WORK TO COMPLETE: Reproduce every entry below exactly, minus the pictures.

** Opening RECORDS FOR PROCESSING block **

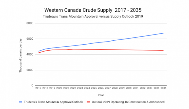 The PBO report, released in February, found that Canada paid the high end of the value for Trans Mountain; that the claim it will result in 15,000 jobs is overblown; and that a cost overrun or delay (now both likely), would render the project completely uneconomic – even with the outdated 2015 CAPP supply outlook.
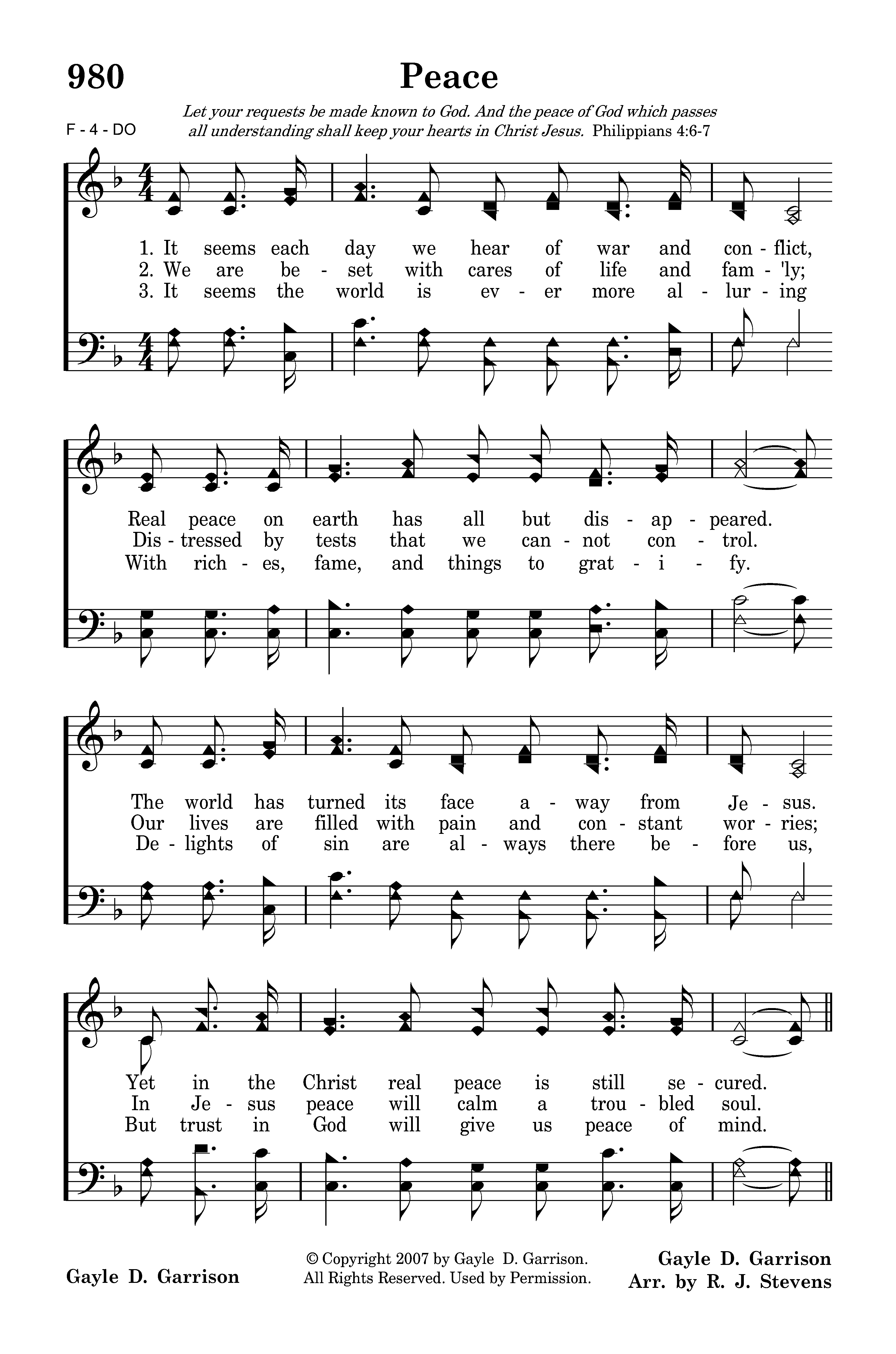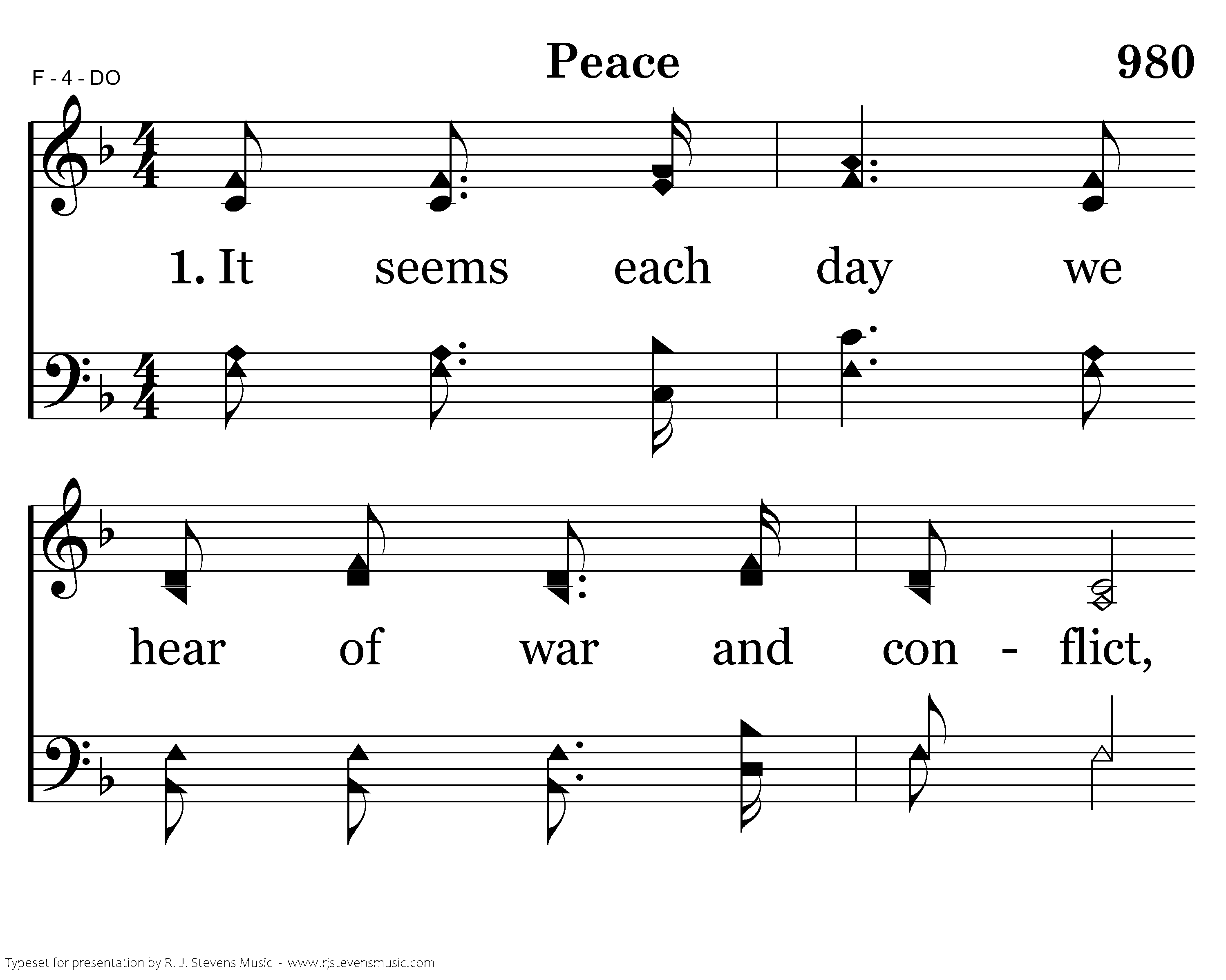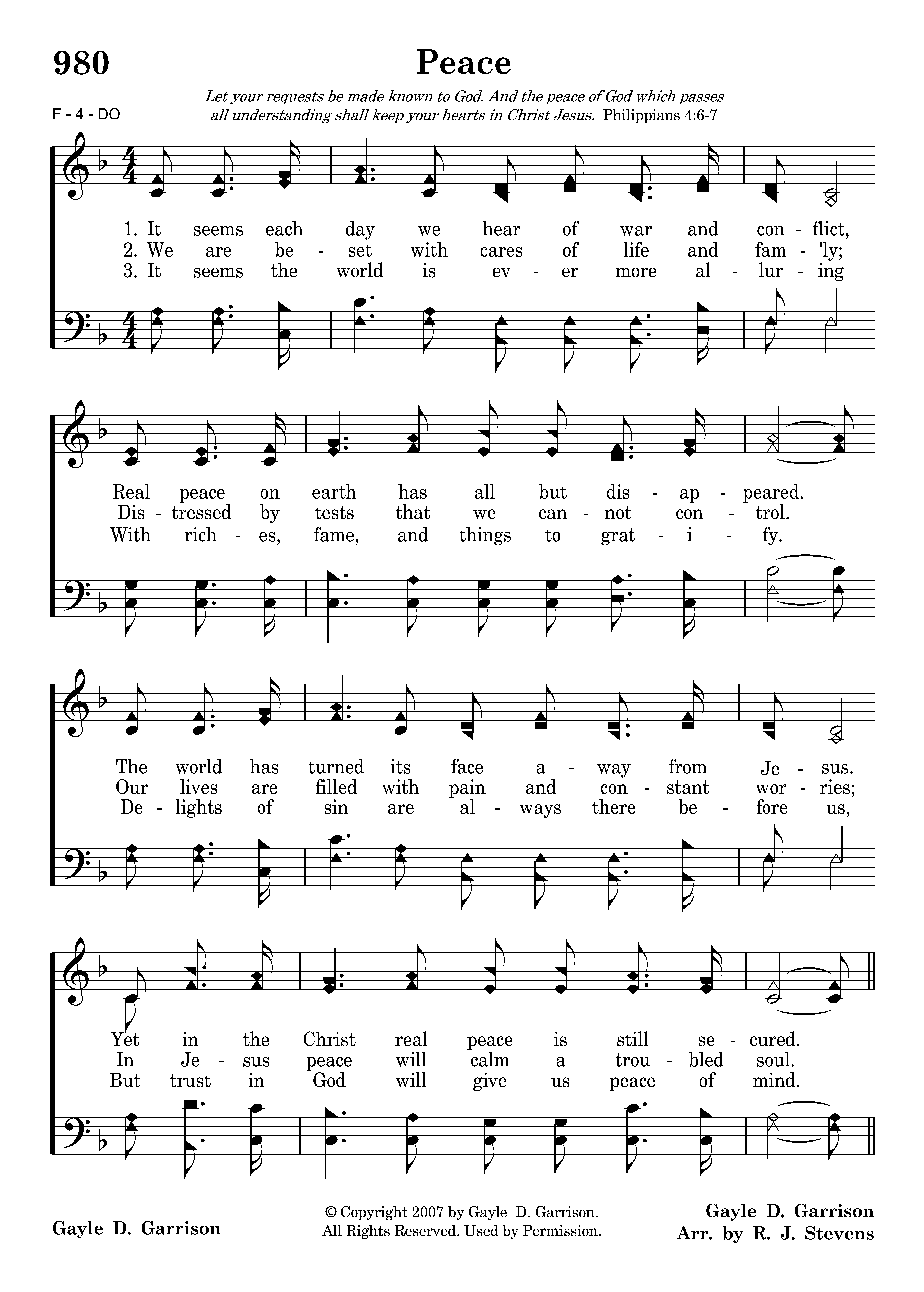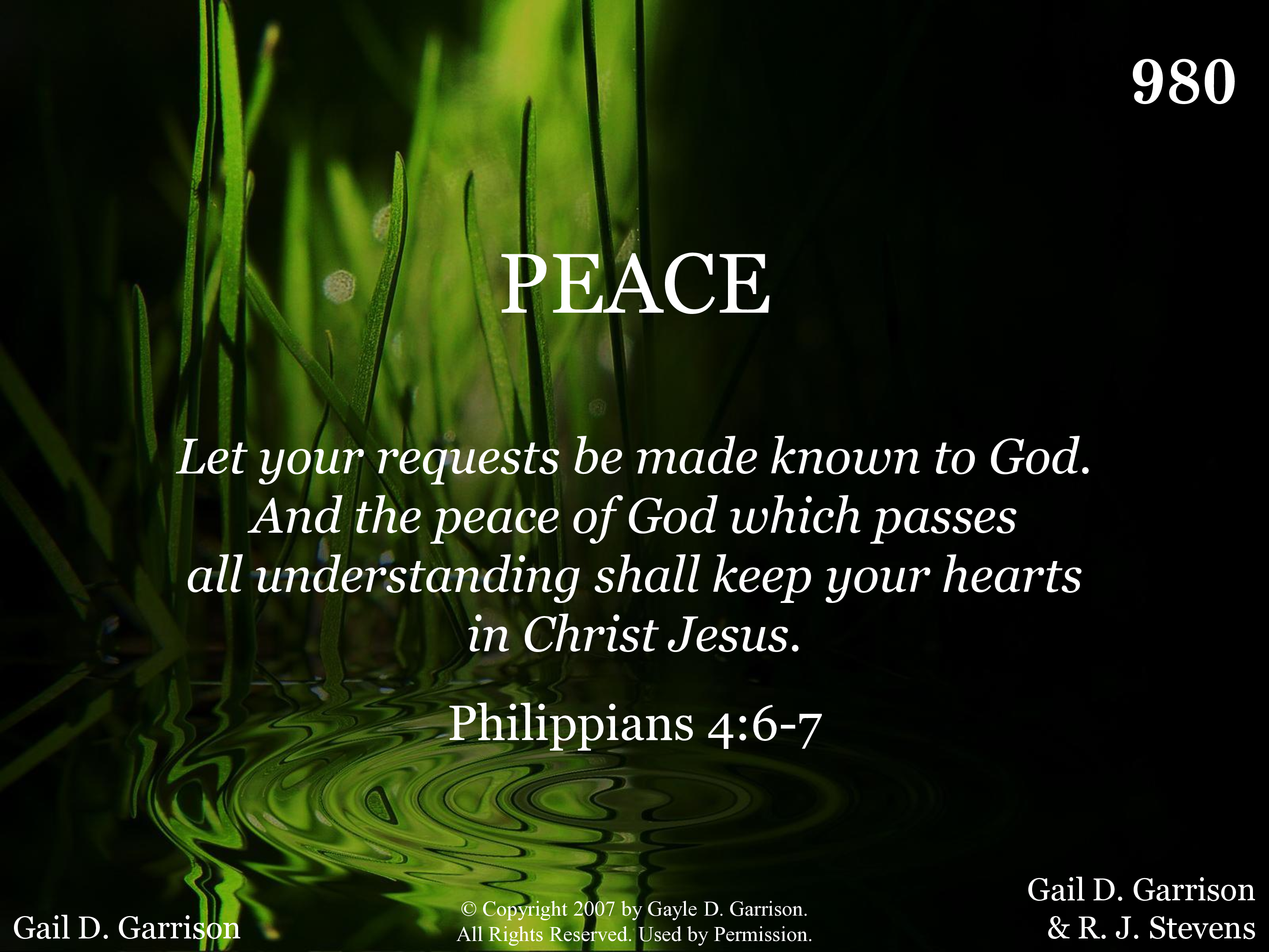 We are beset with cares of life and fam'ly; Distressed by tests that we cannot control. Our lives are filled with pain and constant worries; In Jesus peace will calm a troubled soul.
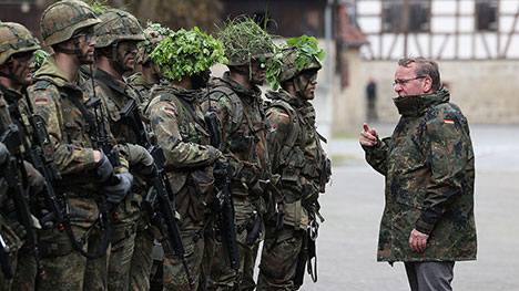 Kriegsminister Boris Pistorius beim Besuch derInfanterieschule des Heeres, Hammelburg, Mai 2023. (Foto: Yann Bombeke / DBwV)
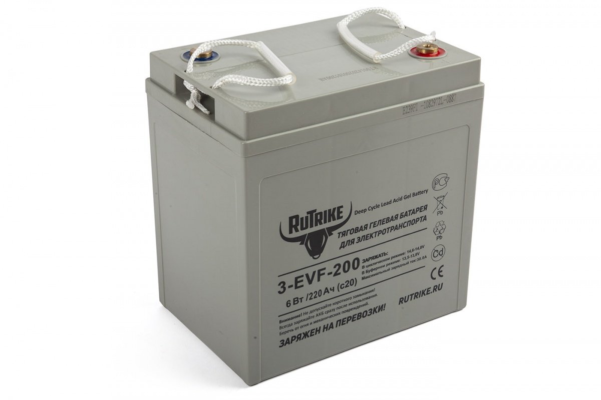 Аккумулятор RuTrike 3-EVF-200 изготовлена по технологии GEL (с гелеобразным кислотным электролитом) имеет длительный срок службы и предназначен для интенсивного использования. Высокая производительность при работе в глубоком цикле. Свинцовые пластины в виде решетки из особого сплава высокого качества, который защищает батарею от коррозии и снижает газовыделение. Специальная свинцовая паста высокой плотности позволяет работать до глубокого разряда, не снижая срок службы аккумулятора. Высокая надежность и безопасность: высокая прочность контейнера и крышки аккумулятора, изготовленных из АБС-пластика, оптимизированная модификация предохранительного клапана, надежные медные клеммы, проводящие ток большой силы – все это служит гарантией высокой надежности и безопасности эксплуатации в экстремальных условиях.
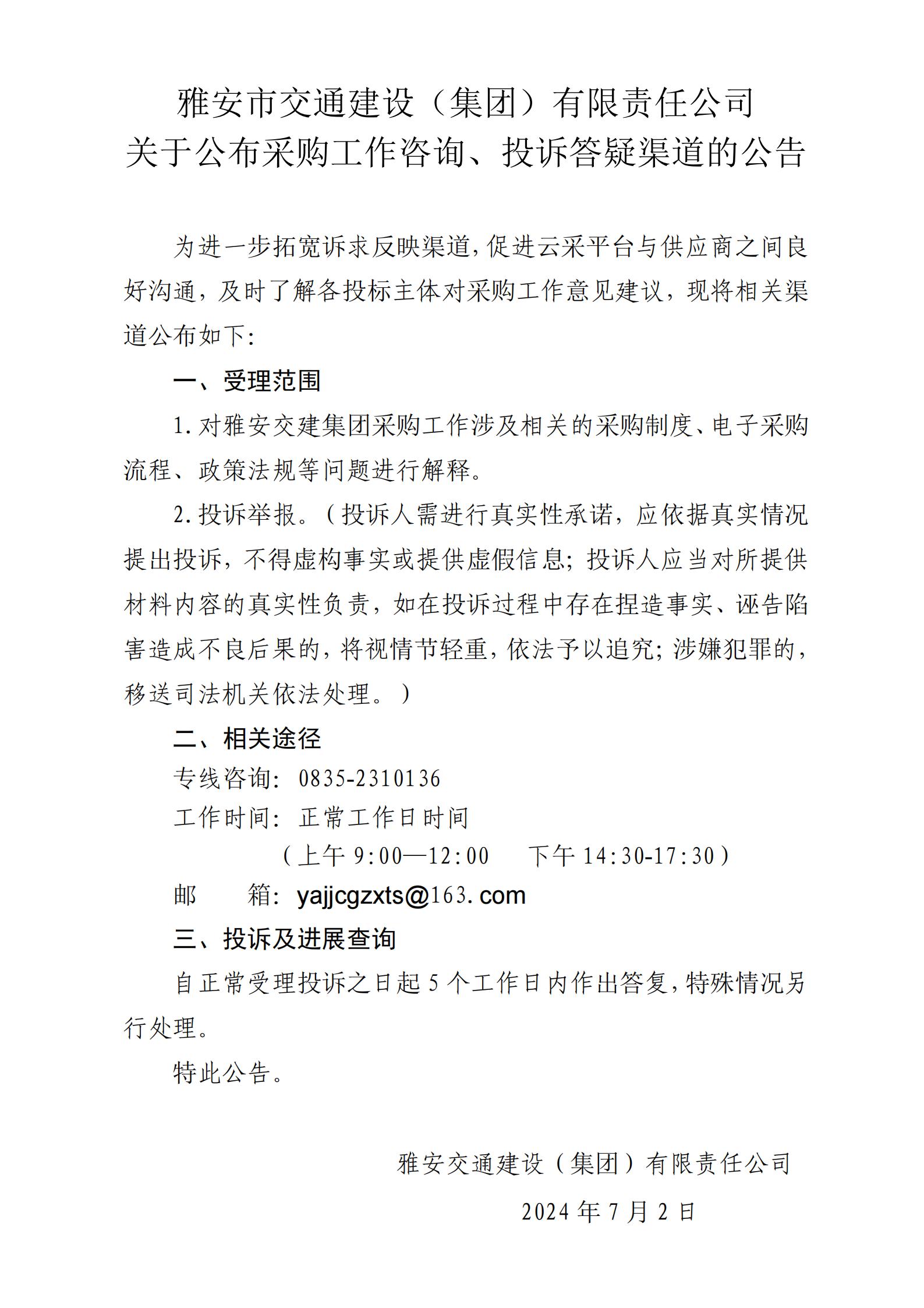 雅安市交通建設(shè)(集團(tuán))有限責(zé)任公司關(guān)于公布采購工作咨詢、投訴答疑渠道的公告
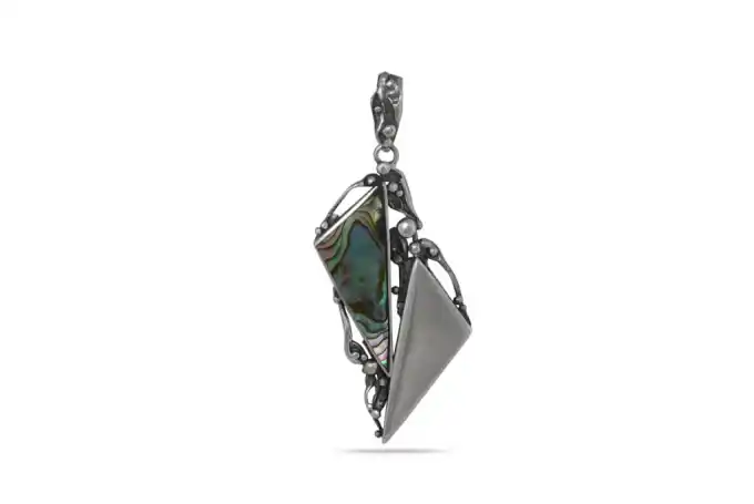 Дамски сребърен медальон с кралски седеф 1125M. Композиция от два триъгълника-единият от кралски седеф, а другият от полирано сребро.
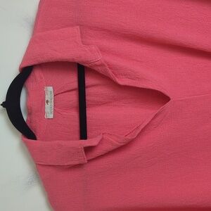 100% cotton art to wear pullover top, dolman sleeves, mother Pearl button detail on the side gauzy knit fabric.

** Closing RECORDS FOR PROCESSING block **

RESPONSE TO THE EXERCISE:
 The PBO report, released in February, found that Canada paid the high end of the value for Trans Mountain; that the claim it will result in 15,000 jobs is overblown; and that a cost overrun or delay (now both likely), would render the project completely uneconomic – even with the outdated 2015 CAPP supply outlook.
 We are beset with cares of life and fam'ly; Distressed by tests that we cannot control. Our lives are filled with pain and constant worries; In Jesus peace will calm a troubled soul.
 Kriegsminister Boris Pistorius beim Besuch derInfanterieschule des Heeres, Hammelburg, Mai 2023. (Foto: Yann Bombeke / DBwV)
 Аккумулятор RuTrike 3-EVF-200 изготовлена по технологии GEL (с гелеобразным кислотным электролитом) имеет длительный срок службы и предназначен для интенсивного использования. Высокая производительность при работе в глубоком цикле. Свинцовые пластины в виде решетки из особого сплава высокого качества, который защищает батарею от коррозии и снижает газовыделение. Специальная свинцовая паста высокой плотности позволяет работать до глубокого разряда, не снижая срок службы аккумулятора. Высокая надежность и безопасность: высокая прочность контейнера и крышки аккумулятора, изготовленных из АБС-пластика, оптимизированная модификация предохранительного клапана, надежные медные клеммы, проводящие ток большой силы – все это служит гарантией высокой надежности и безопасности эксплуатации в экстремальных условиях.
 雅安市交通建設(shè)(集團(tuán))有限責(zé)任公司關(guān)于公布采購工作咨詢、投訴答疑渠道的公告
 Дамски сребърен медальон с кралски седеф 1125M. Композиция от два триъгълника-единият от кралски седеф, а другият от полирано сребро.
 100% cotton art to wear pullover top, dolman sleeves, mother Pearl button detail on the side gauzy knit fabric.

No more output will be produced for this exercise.